The American Immigration Council does not endorse or oppose candidates for elected office. We aim to provide analysis regarding the implications of the election on the U.S. immigration system.

A class action lawsuit was filed on March 15, 2018 challenging the U.S. government’s practice of detaining asylum seekers indefinitely and argues the practice is an attempt to deter future asylum seekers from seeking safety in the United States. The suit claims that the Department of Homeland Security has violated U.S. law by refusing to allow hundreds, or even thousands, of asylum seekers to be released on parole from prisons and immigration detention centers while their cases are being decided.

The suit was filed by immigrant and civil rights organizations on behalf of nine plaintiffs, all asylum seekers who fled to the United States in search of safe haven, and all of whom passed a screening interview finding that they each have a credible claim for relief. The plaintiffs all submitted requests for release but were denied, despite proving their identity, identifying sponsors with whom they would live, and showing that they did not pose a flight risk or danger to the community.

One plaintiff is a 41-year-old former ethics teacher who fled political persecution in Haiti—including beating and death threats. He remains in detention after 16 months even though an immigration judge already granted him asylum—yet the government is appealing his release. Another asylum-seeking plaintiff has been detained for over 21 months after fleeing gang violence and death threats in El Salvador. And a married couple fled a criminal cartel in Mexico yet continues to be detained in separate facilities, weeks after passing their credible fear interviews.

Faced with the prospect of indefinite detention in stressful conditions and often inadequate medical care, some asylum seekers may find that they have no option but to give up their claims for asylum. Many asylum seekers are held in detention centers far from loved ones, hundreds of miles from the nearest metropolitan center, inhibiting access to free or low-cost legal help.

Notwithstanding a 2015 federal court ruling that DHS cannot use immigration detention for the purpose of deterrence, according to the plaintiffs in the suit, “DHS has now unlawfully embarked on an even broader policy of detaining asylum seekers on deterrence grounds.”

The lawsuit demands that the government follow a 2009 Immigration and Customs Enforcement policy that “allows officials to release foreigners while they await their immigration court hearings, a process that can take years.”

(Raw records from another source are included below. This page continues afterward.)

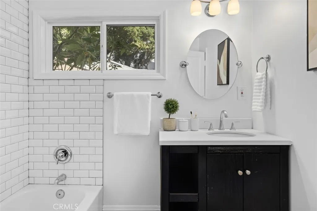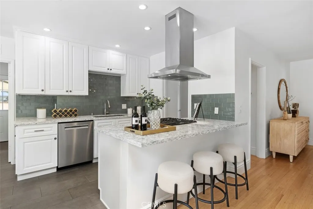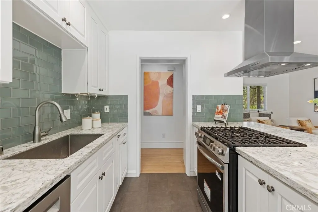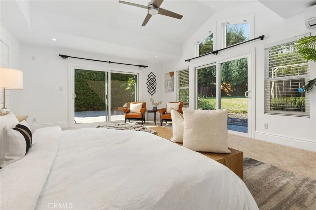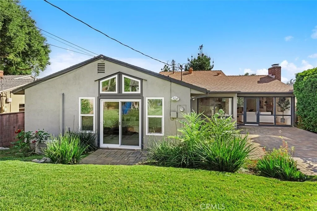 This wonderful mid-century ranch-style house, full of natural light, is perched on a large lot at the end of a quiet cul-de-sac. Step inside through the keyless entry to encounter a bright, open living area that flows seamlessly into an updated kitchen with quartz countertops and brand new, just-installed appliances. The light-filled kitchen is large enough for a dining table overlooking the lush backyard. A bonus room next to the kitchen was updated with custom white wood cabinetry and can be used as a small office and laundry room. The living area opens onto the large patio, inviting you to enjoy indoor-outdoor living. An expansive backyard offers multiple bountiful fruit trees, plus plenty of space for play or entertaining. The primary bedroom, tucked away for quiet relaxation, boasts just-installed carpeting, a vaulted ceiling, sliding glass doors, a walk in-closet, and a full bathroom. Two additional bedrooms are generously sized with ample closet space. Christmas Tree Lane is at the end of the street where you can enjoy the year-end wonder of lights strung across century-old cedar trees. This home is fully remediated and all houses on the street were untouched. Relax on the front porch swing while you enjoy life and tranquility in beautiful Altadena!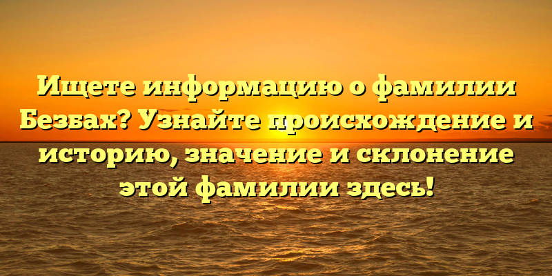 Раскрываем тайны фамилии Безбах: происхождение, история и значение – всё, что нужно знать!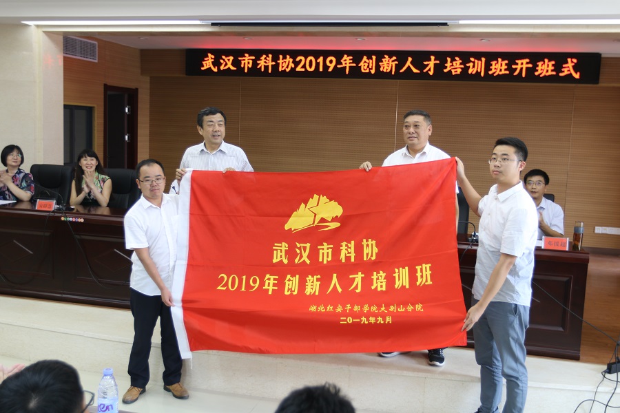 武汉市科协党组书记、副主席陈光勇,湖北红安干部学院大别山分院副院长张盛潮对市科协2019年创新人才培训班开班表示热烈的祝贺,安群慧宣读六条培训纪律,对于如何办好创新人才培训班,熊少明提出三点意见:一是充分认识和把握此次培训的目的和意义;二是增强责任感、使命感,做好新形势下的企业技术创新工作;三是强化学习,积极投身实践。最后,武汉市科协党组书记、副主席陈光勇,湖北红安干部学院大别山分院副院长张盛潮一起为学员代表授旗。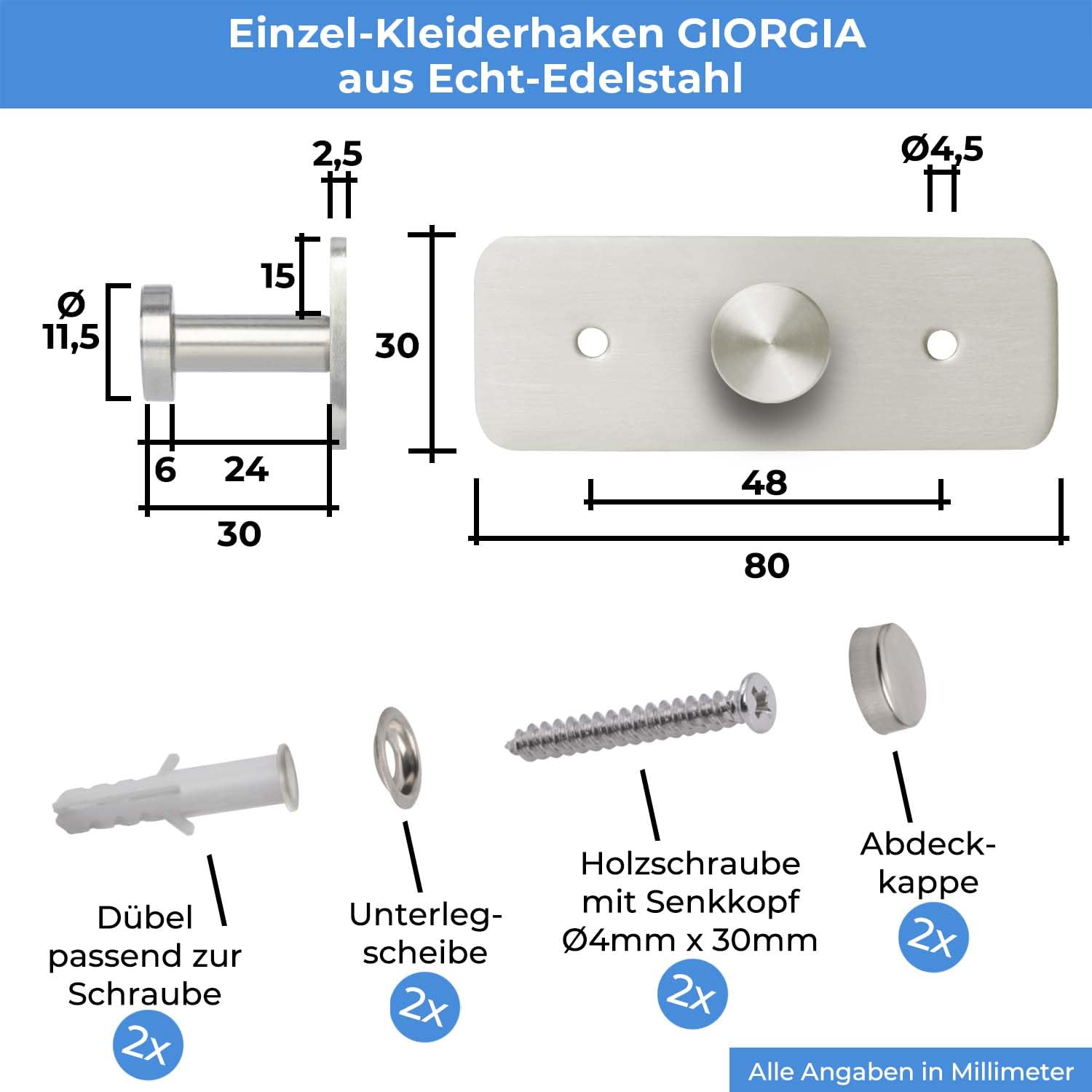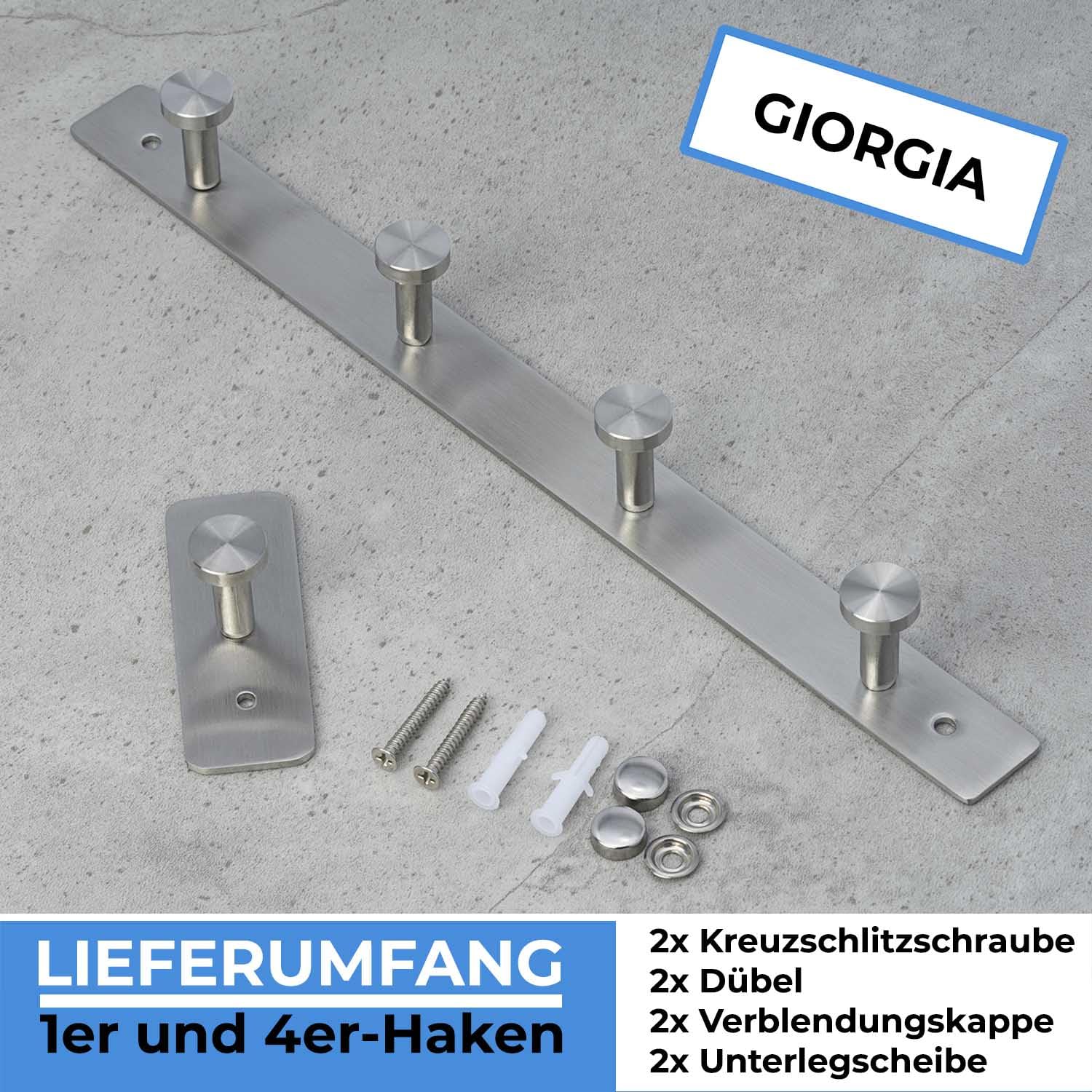 Stahlia Hakenleiste EDELSTAHL gebürstet Garderobenleiste 1x Haken (L: 80mm) Modell:GIORGIA Wandgarderobe mit 1/4/6/8/10 Kleiderhaken Garderobenhaken Wandhaken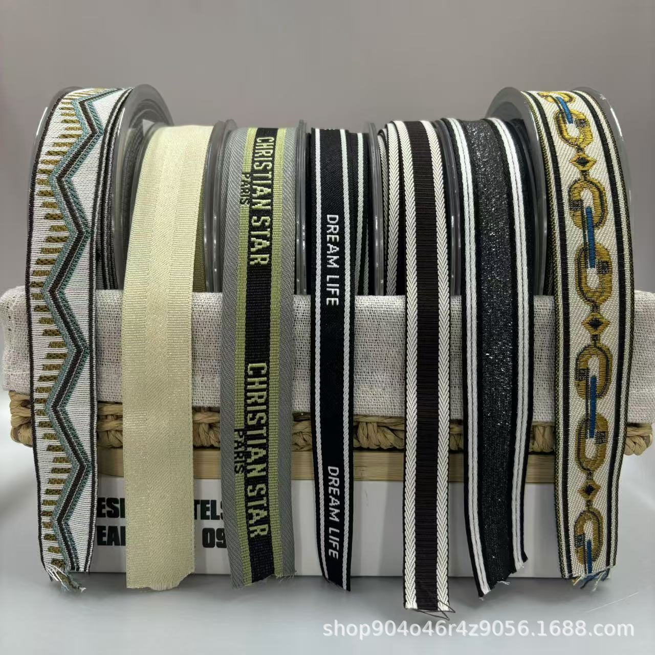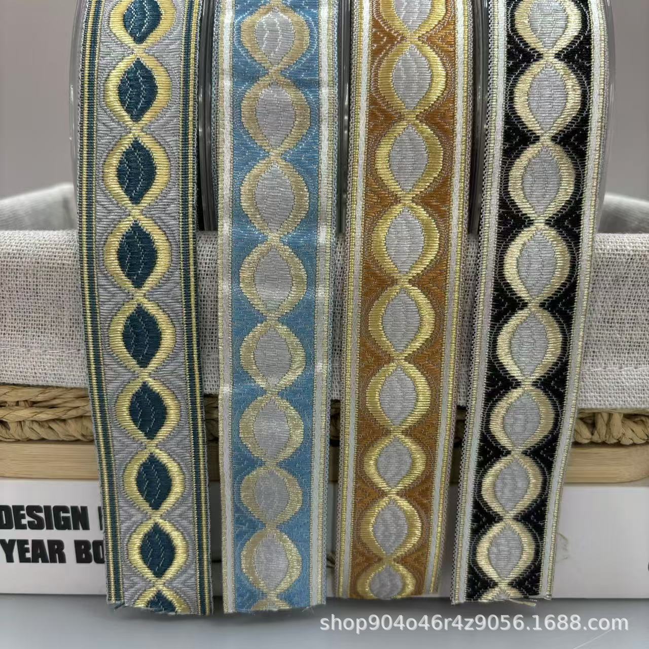 様々なジャカード織りリボン、光沢のある金銀ストライプリボン、衣料品アクセサリー、装飾リボン、DIY縁取り、編み物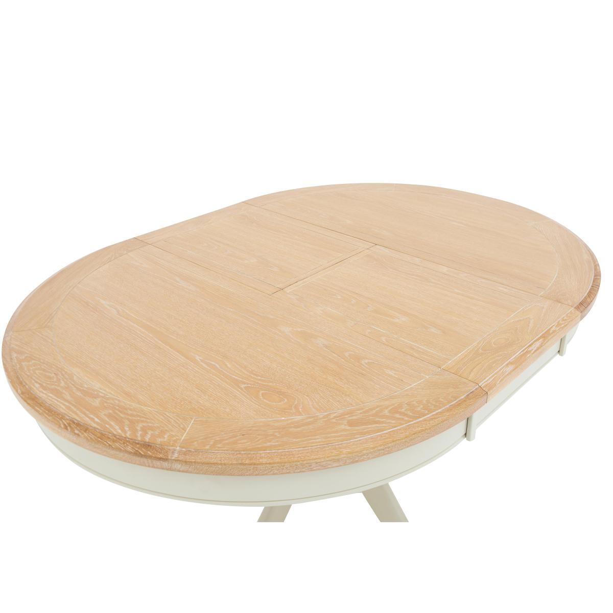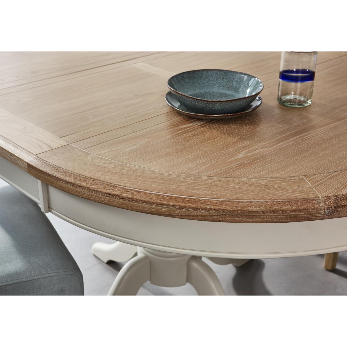 Versatile, stylish and beautifully finished, Angeles has something for every home. With its clean-lined, modern country style, this extensive range includes three different extending dining tables and three different dining chairs, so you can mix and match to create your perfect dining room. Complete the look with sideboards or a glazed hutch, and then introduce Angeles’ relaxed contemporary style into your living space with a wide selection of occasional tables and storage units. Creativity and craftsmanship shine in the Angeles round extending dining table and 4 button back dining chairs set. The circular dining table, which extends to seat six with a smooth butterfly mechanism, has a stunning hand-finished oak and oak veneer bevelled edge top with a fashionable wash that highlights the wood grain. The sturdy pedestal base is made of solid pine painted an off-white colour. The four accompanying dining chairs, fully upholstered in a linen-effect fabric and available in a choice of ten gorgeous colours, have beautiful buttoned backs and gently rolled tops. Hardwood frames, oak legs and serpentine sprung seats ensure that these sturdily-built chairs are also supremely comfortable. The great value Angeles round extending dining table and 4 button back dining chairs set is part of the Angeles living and dining collection. Angeles offers a wide range of versatile furniture for dining rooms and living spaces. Only at Furniture Village. Natural wood has unique grain, knots and markings. Every piece is different.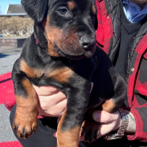 Valparna Àr en blandning av dobermann, herdehund, rottweiler och svart schÀfer.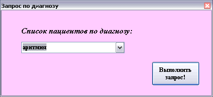 Выбрав запрос по диагнозу, появляется окно запроса, представленное на рисунке 6.11, где можно выбрать какой именно диагноз вас интересует.
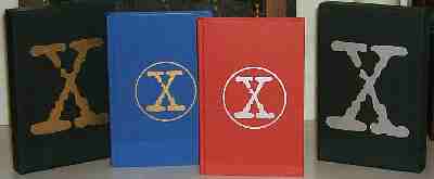 My favourite 2 books (for looks if not content) are the specially slipcased and bound copies of Ground Zero and Ruins. Ground Zero is bound in red cloth on the front is a silver X in a circle. The writing on the spine is also in silver. The slipcase is black cloth with a large silver X on both sides. Inside it reads.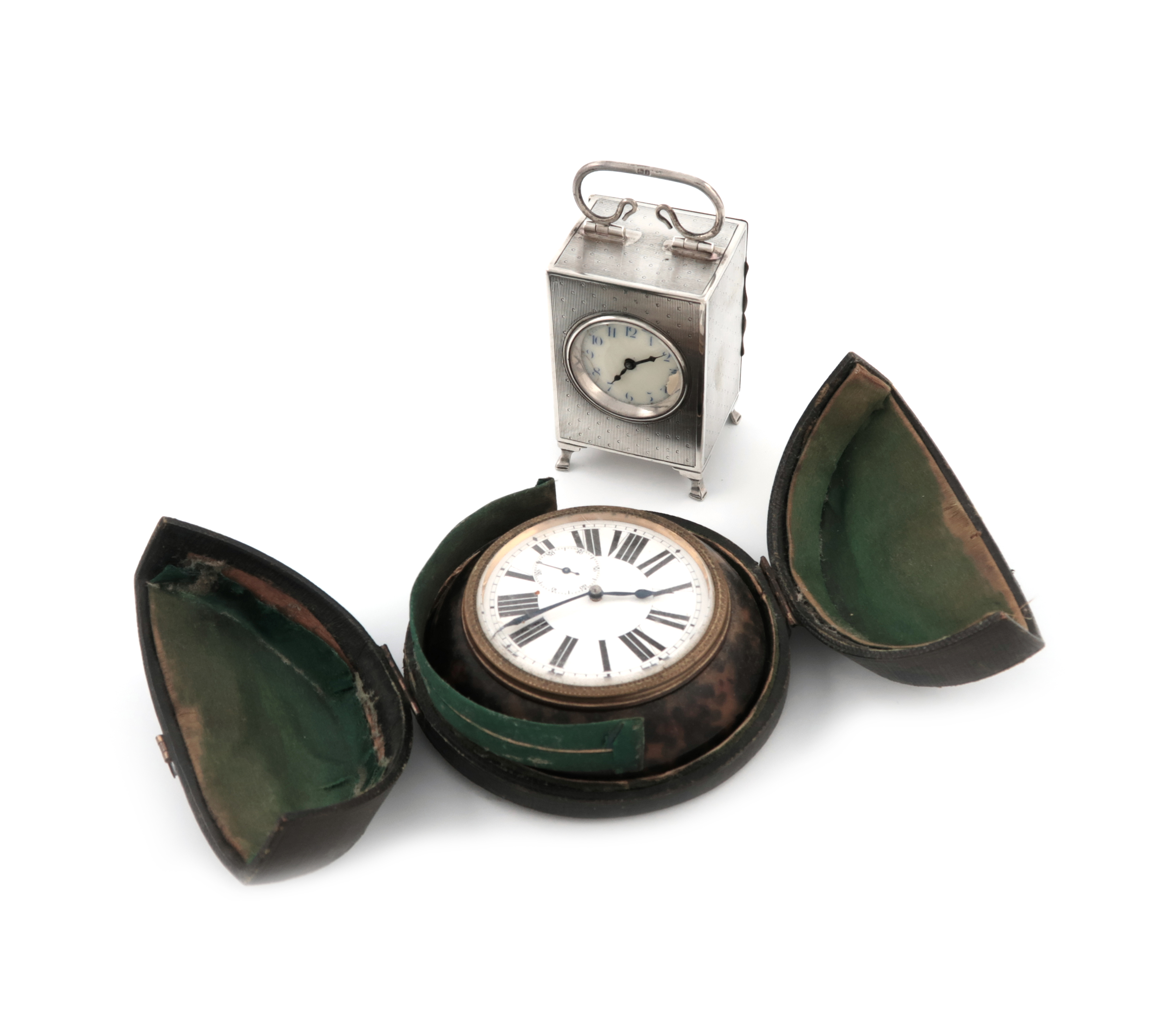 upright rectangular form, engine-turned and dot decoration, hinged carrying handle, on four bracket feet, height 7cm, plus a gilt-metal and tortoiseshell desk clock, a.f, in a fitted case. (2)
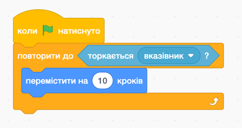Спрайт рухається вперед на 10 кроків і цей рух повторюється, поки він не торкнеться краю. Який тип циклу тут використано?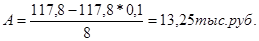 3. Чистые доходы и денежные потоки. 3.1 Доход от продаж при цене за 1 ед. продукции 124 тыс. руб. 1 год (4 год продаж) = 124*2000 = 248 тыс. руб. 2 год = 124*3000 = 372 тыс. руб. 3 год = 124*4000 = 496 тыс. руб. 4 год = 124*5000 = 620 тыс. руб. 5 год = 124*6000 = 744 тыс. руб. 3.2 Полная себестоимость (С) всего выпуска продукции. Затраты переменные на 1 ед. продукции – 44 руб. Затраты постоянные на весь выпуск – 45 тыс. руб. С1 = 2000*44+45000 = 133 тыс. руб. С2 = 3000*44+45000 = 177 тыс. руб. С3 = 4000*44+45000 = 221 тыс. руб. С4 = 5000*44+45000 = 265 тыс. руб. С5 = 6000*44+45000 = 309 тыс. руб. 3.3 Сумма годовых амортизационных отчислений. 3.4 Налог на прибыль (ставка налога - 30%). Нп1 = (248-133-13,25-17,64)*0,3 = 25,23 тыс. руб. Нп2 = (372-177-13,25-2,52)*0,3 = 53,77 тыс. руб. Нп3 = (496-221-13,25-1,26)*0,3 = 78,15 тыс. руб. Нп4 = (620-265-13,25)*0,3 = 102,53 тыс. руб. Нп5 = (744-309-13,25)*0,3 = 126,53 тыс. руб. 3.5 Остаточная стоимость оборудования: Сост = Сперв - Тс*А = 117,8–13,25*5 = 55,55 тыс. руб. Продажная стоимость: Сп = 1,1*55,55 = 56,71 тыс. руб. Табл.4. Денежные потоки для финансового планирования, тыс. руб.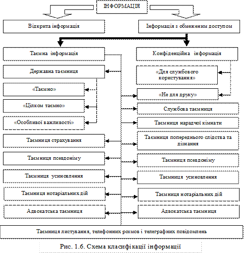 є придатним для колективного використання (на відміну від інших ресурсів); у процесі споживання не втрачає своїх якостей. У теорії автоматизованого оброблення інформації її розглядають як сукупність знань, що є об’єктом накопичення, реєстрації, передачі, збереження та оброблення. В економічному комплексі функціонують науково-технічна, економічна, правова, адміністративна, та інші види інформації. Першим законодавчим актом, що стверджує інформаційний суверенітет України закріплює право громадян на інформацію закладає правові основи інформаційної діяльності і визначає правові форми міжнародного співробітництва в галузі інформації, став Закон України “Про інформацію”, прийнятий Верховною Радою України 02 жовтня 1992 року. Згідно статті 18 Закону інформація класифікується на: статистичну і масову інформацію, інформацію про діяльність державних органів влади й органів місцевого і регіонального самоврядування, правову інформацію та інформацію про особу, інформацію довідково-енциклопедичного характеру та соціологічну інформацію. Слід зазначити, що за будь-яких умов класифікацію інформації слід починати з виділення двох основних її класів – відкритої інформації та інформації з обмеженим доступом, тобто (рис. 1.6):

Although the Obama administration also detained asylum seekers—including the Haitian ethics teacher who is a plaintiff in this lawsuit—the “number who are released while their cases are pending has plunged under the Trump administration.”

Over ninety percent of parole requests at five U.S. Immigration and Customs Enforcement field offices—Detroit, El Paso, Los Angeles, Newark and Philadelphia—were denied during the first eight months of the Trump administration. According to the ACLU, more than 1,000 asylum seekers were detained in 2017 in those field offices.

The practice of detaining individuals with the intent of discouraging or deterring asylum seekers from seeking safe haven is not only inhumane but fundamentally misunderstands the life-threatening push factors that make people flee their home countries in the first place. It’s time to stop viewing asylum seekers as a nuisance or security threat and instead ensure that we protect them from harm’s way.